Rita E. Chen
Profile Url: rita-e--chen
Researcher at Washington University School of Medicine
Cell Host & Microbe, 2020-07-03
Antibody-based interventions against SARS-CoV-2 could limit morbidity, mortality, and possibly disrupt epidemic transmission. An anticipated correlate of such countermeasures is the level of neutralizing antibodies against the SARS-CoV-2 spike protein, yet there is no consensus as to which assay should be used for such measurements. Using an infectious molecular clone of vesicular stomatitis virus (VSV) that expresses eGFP as a marker of infection, we replaced the glycoprotein gene (G) with the spike protein of SARS-CoV-2 (VSV-eGFP-SARS-CoV-2) and developed a high-throughput imaging-based neutralization assay at biosafety level 2. We also developed a focus reduction neutralization test with a clinical isolate of SARS-CoV-2 at biosafety level 3. We compared the neutralizing activities of monoclonal and polyclonal antibody preparations, as well as ACE2-Fc soluble decoy protein in both assays and find an exceptionally high degree of concordance.
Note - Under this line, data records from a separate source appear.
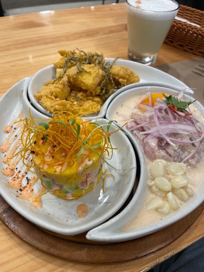 메뉴판을 펼치자마자 눈에 들어온 것은 바로 해산물 트리오였습니다. 사진 속 다채로운 색감과 신선함이 느껴지는 비주얼은 보는 것만으로도 입안에 침이 고이게 했습니다. 튀긴 생선, 세비체, 그리고 새우를 곁들인 카우사까지, 엘 트리덴테의 대표 메뉴들을 한 번에 맛볼 수 있다는 점이 매력적이었습니다.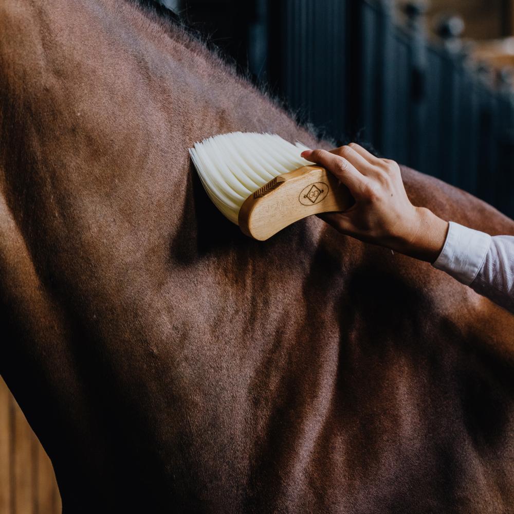 Der Middle Brush Long kommt ganz am Ende in Ihrer Putzroutine. Sie kann für ein schnelles Überputzen Ihres Pferdes benutzt werden, bevor Sie satteln und losreiten. Die Bürste kann auch benutzt werden, um Schmutz und Staub von Decken zu entfernen.
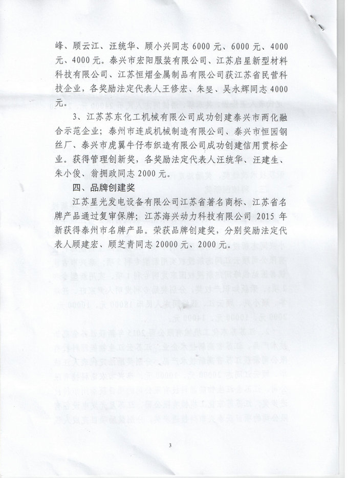 1、江蘇星光發(fā)電設(shè)備有限公司的項(xiàng)目榮獲“泰興市科技進(jìn)步獎(jiǎng)”。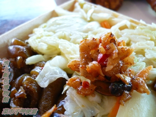 而飯包裡滷蛋.豆干.香腸.醬瓜.醃薑片以及時蔬的下飯程度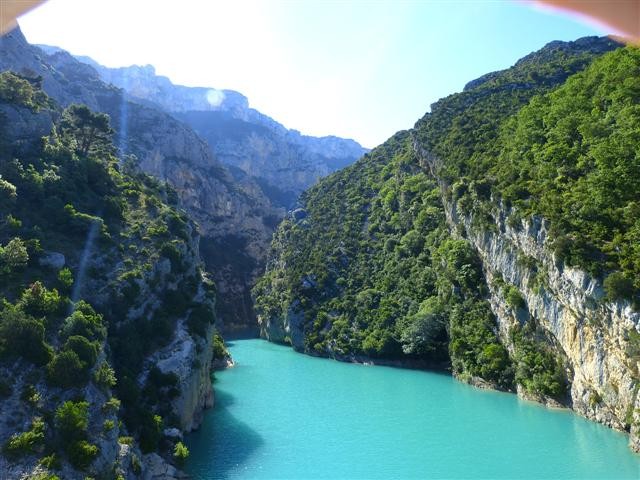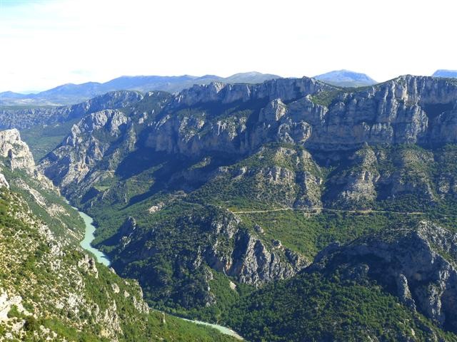 Über die Einmündung des Verdon in den Lac de Ste. Croix geht es hoch hinauf auf der Südseite des Canyons, von wo man tief hinein sehen kann in eine der größten Schluchten Europas.

The two assays will help define correlates of protection for antibody-based countermeasures including therapeutic antibodies, immune γ-globulin or plasma preparations, and vaccines against SARS-CoV-2. Replication-competent VSV-eGFP-SARS-CoV-2 provides a rapid assay for testing inhibitors of SARS-CoV-2 mediated entry that can be performed in 7.5 hours under reduced biosafety containment. ### Competing Interest Statement M.S.D. is a consultant for Inbios, Vir Biotechnology, NGM Biopharmaceuticals, and on the Scientific Advisory Board of Moderna. D.C. and H.W.V. are employees of Vir Biotechnology Inc. and may hold shares in Vir Biotechnology Inc. S.P.J.W. and P.W.R. have filed a disclosure with Washington University for the recombinant VSV.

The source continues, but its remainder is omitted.